Que puedo hacer ?....

Saludos !

----------

## gringo

no veo nada raro, lo que normalemente se ejecuta despues de "Freeing unused kernel memory" es init, asi que si se queda ahi yo diría que el problema es o bien en el propio kernel ( había un bug similar para el primer rc del kernel 3.0 que leí por casualidad el otro día) o bien algo está kaputt en la secuencia de arranque de la distro.
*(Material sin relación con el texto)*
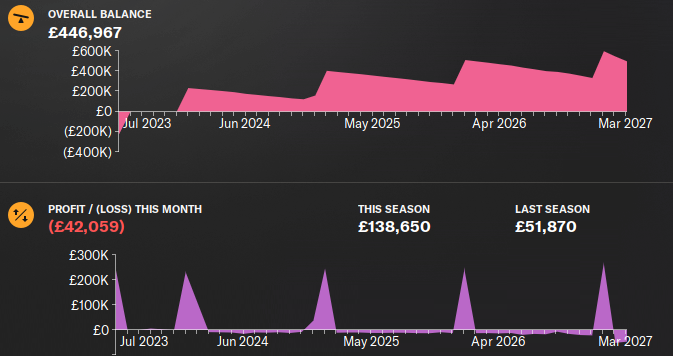 In the Swedish lower leagues, most of our money comes through sponsorship deals, so there’ll be a huge spike in our bank balance when they get paid out in December. Our balance will naturally decline gradually for the next 12 months, but so long as we don’t spend way beyond our means, we should still be financially okay by the end of the year.
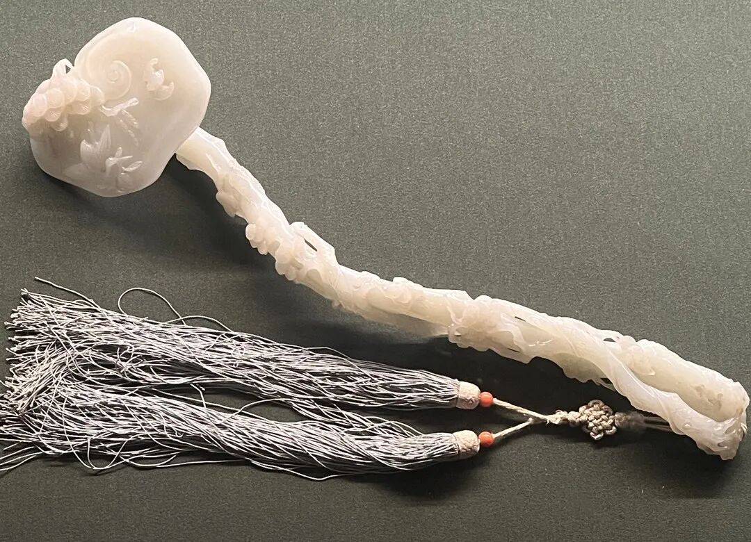 如意是一种象征祥瑞的器物,柄微曲,由古之挠痒工具、前端作手形的爪杖发展而来,其材质多样,有竹、木、铜、金、玉、石等。如意在清代时可赏玩,可陈设,可做礼品,无论宫廷、王府还是民间都有使用。
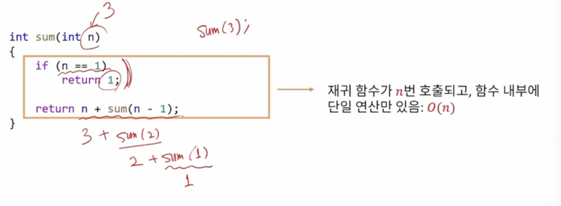 - 연산 횟수를 구체적인 수식으로 표현하지 않고, 최고차항의 차수만으로 표현
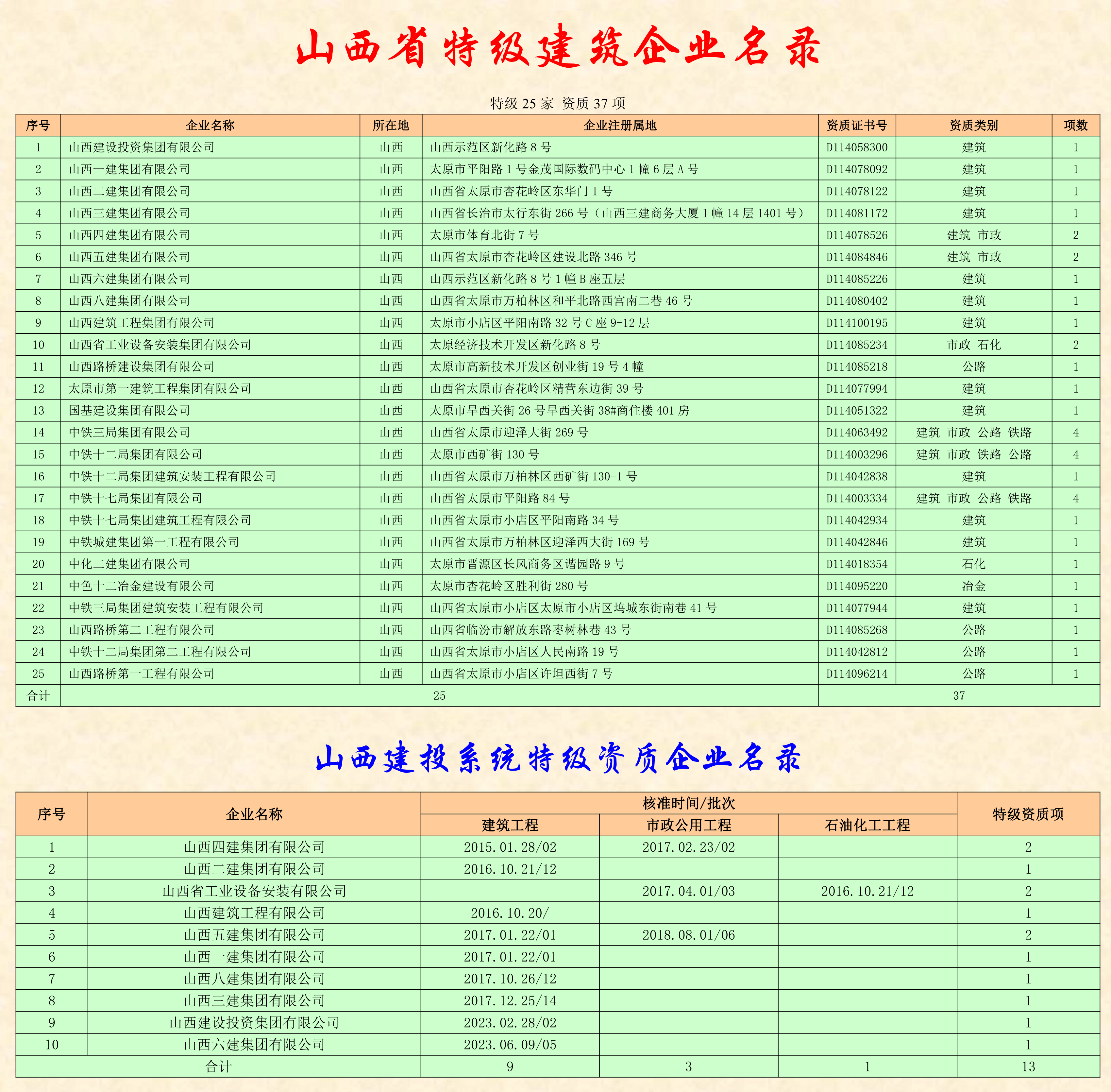 23 山西六建集团有限公司 山西 建筑工程施工总承包特级 6 升级 第五批
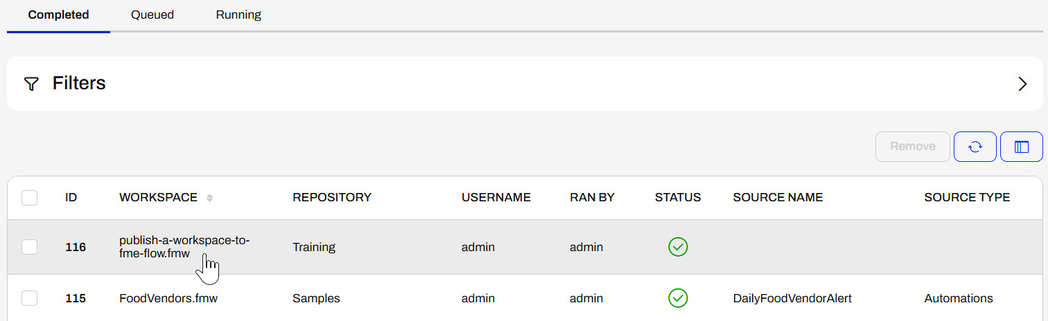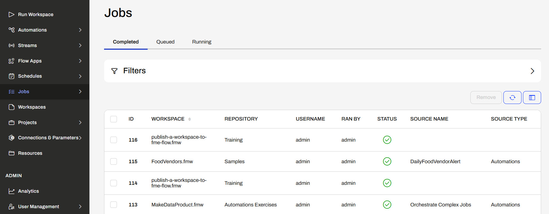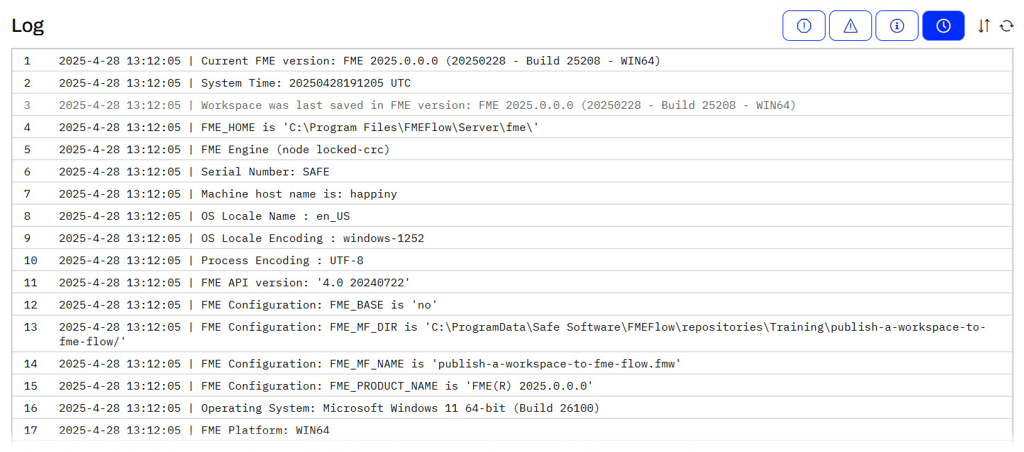 In the last exercise, Sven ran his workspace on FME Flow and saw that it completed successfully. Although the workspace ran successfully, Sven should know where to access more detailed job information for monitoring, development, and troubleshooting.
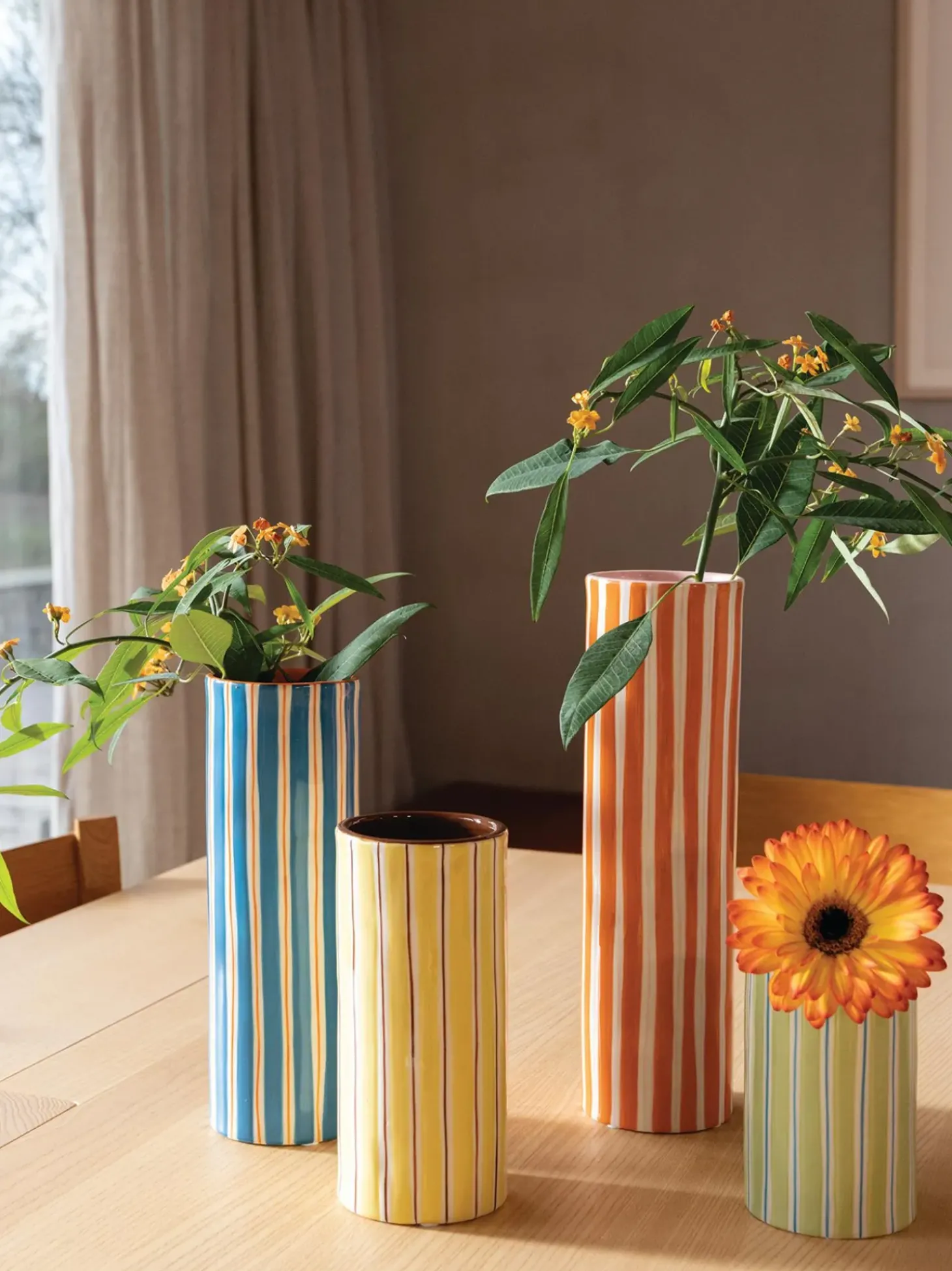 Questo Vaso A Righe U00E8 Stato Progettato Per Aggiungere Stile A Qualsiasi Tavola. Il Motivo A Righe U00E8 Dipinto A Mano E Ha Una Forma Irregolare, Conferendo Al Vaso Un Design Unico.
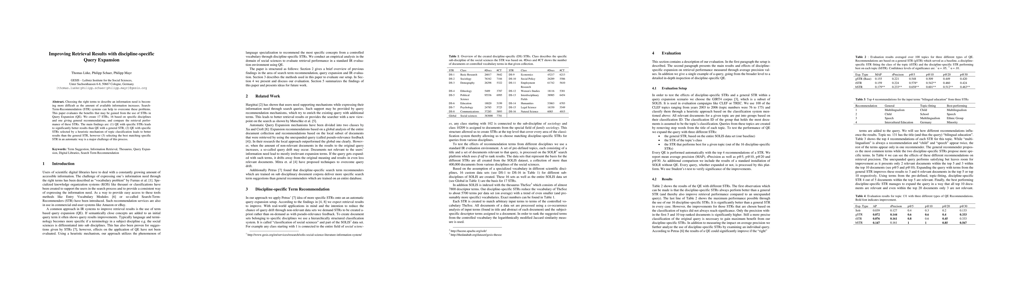 Using specialized term recommendations in query expansion improves search results, but selecting the best match automatically remains a challenge.
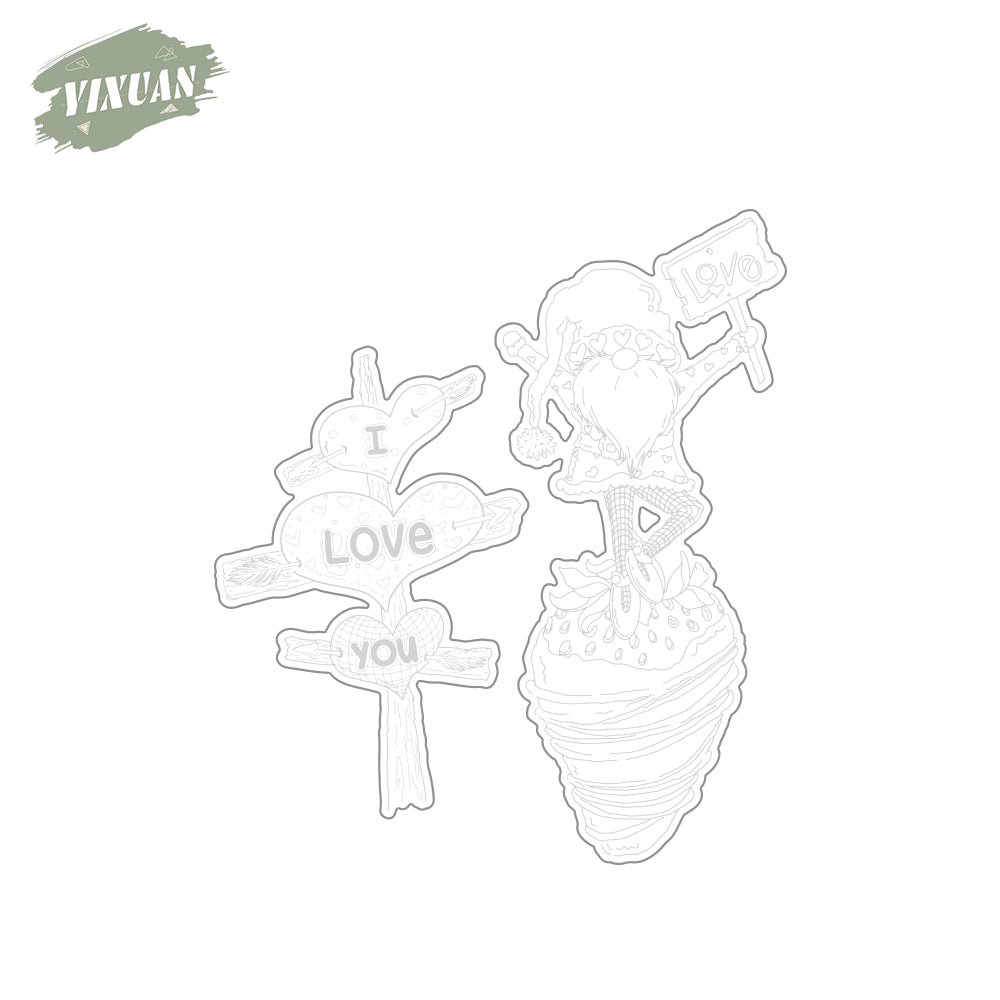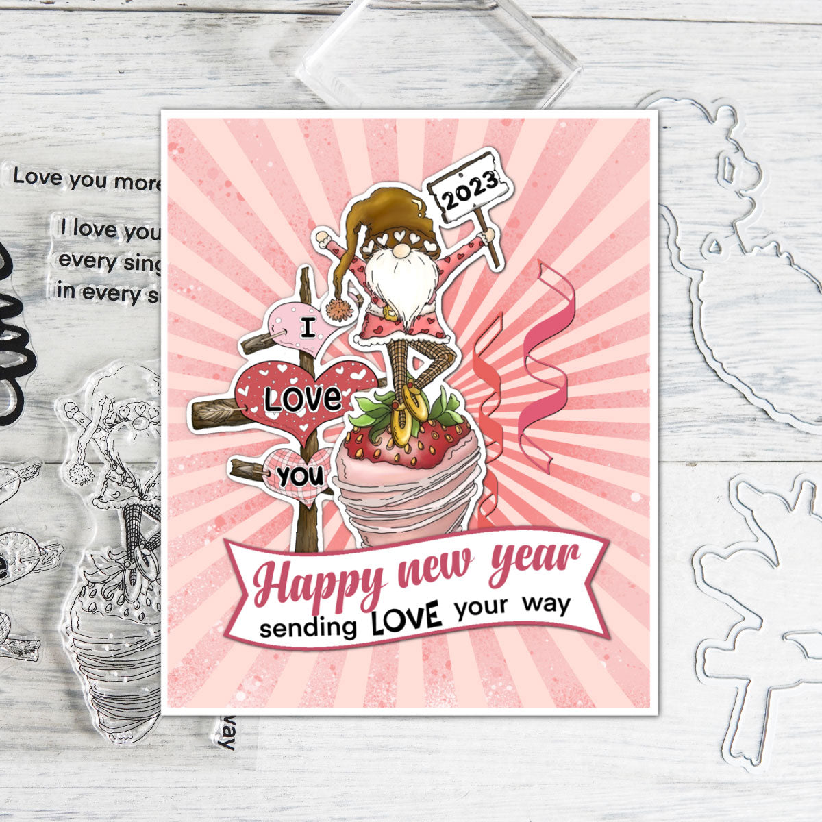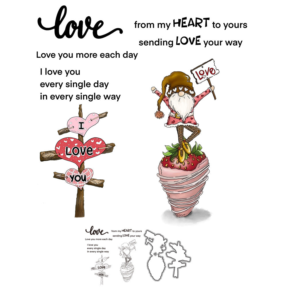 Love Valentine's Day Series Cute Heart Gnome Strawberry Cutting Dies And Stamp Set YX929-S+D
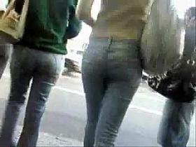 Brunette chick was wearing beautiful mini skirt tight skirt when a candid voyeur bloke filmed her nice athletic ass.
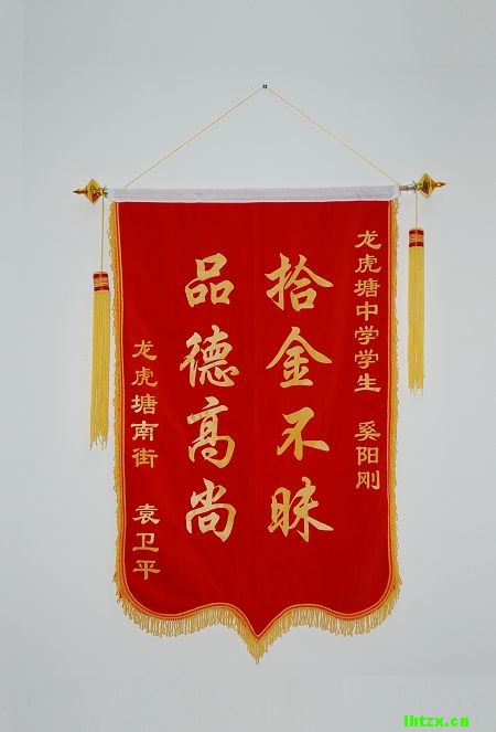 3月11日上午,龙虎塘派出所给我校八(2)班奚阳刚同学送来一面写有“ 拾金不昧,品德高尚”的锦旗,感谢该同学拾金不昧。原来,在8日上午,奚阳刚同学和爸爸一起去菜场买菜,无意中拣到一个黑色钱包,内有许多银行卡、重要证件和现金若干。因为一时联系不到失主,父子俩急中生智,报警叫来了警察,当警察问及俩人姓名时,父子俩始终不肯留下姓名。失而复得的钱包回到主人手里,主人非常感激,特意通过派出所送来锦旗,表扬该同学拾金不昧的良好品质,感谢家长和学校教育出这样品德高尚的好孩子。
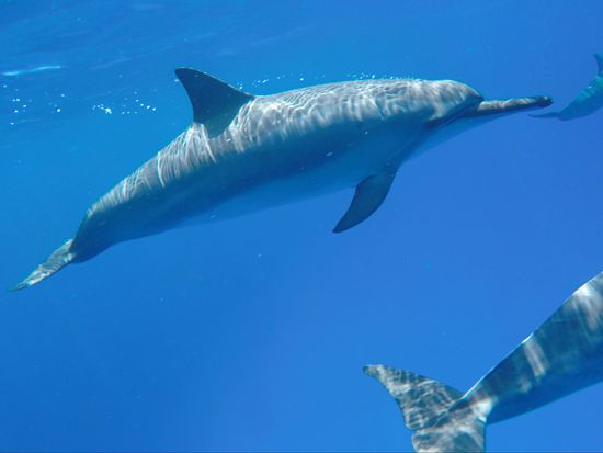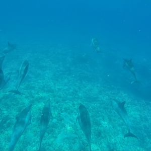 海の中で見るイルカの大群は圧巻でした!!イルカが私のそばを泳いでいきました!

Asi que yo diría que probaras primero con un kernel estable, si no lo has hecho ya ...

saluetes

----------

## Diabliyo

 *gringo wrote:*   

> no veo nada raro, lo que normalemente se ejecuta despues de "Freeing unused kernel memory" es init, asi que si se queda ahi yo diría que el problema es o bien en el propio kernel ( había un bug similar para el primer rc del kernel 3.0 que leí por casualidad el otro día) o bien algo está kaputt en la secuencia de arranque de la distro.
> 
> Asi que yo diría que probaras primero con un kernel estable, si no lo has hecho ya ...
> 
> saluetes

 

No lo mencione pero, estoy usando un kernel estable emerge gentoo-sources.

En fin, por mas que le movi no encontre deducir porque no entra  :Sad: .... Se queda por siempre en esa parte...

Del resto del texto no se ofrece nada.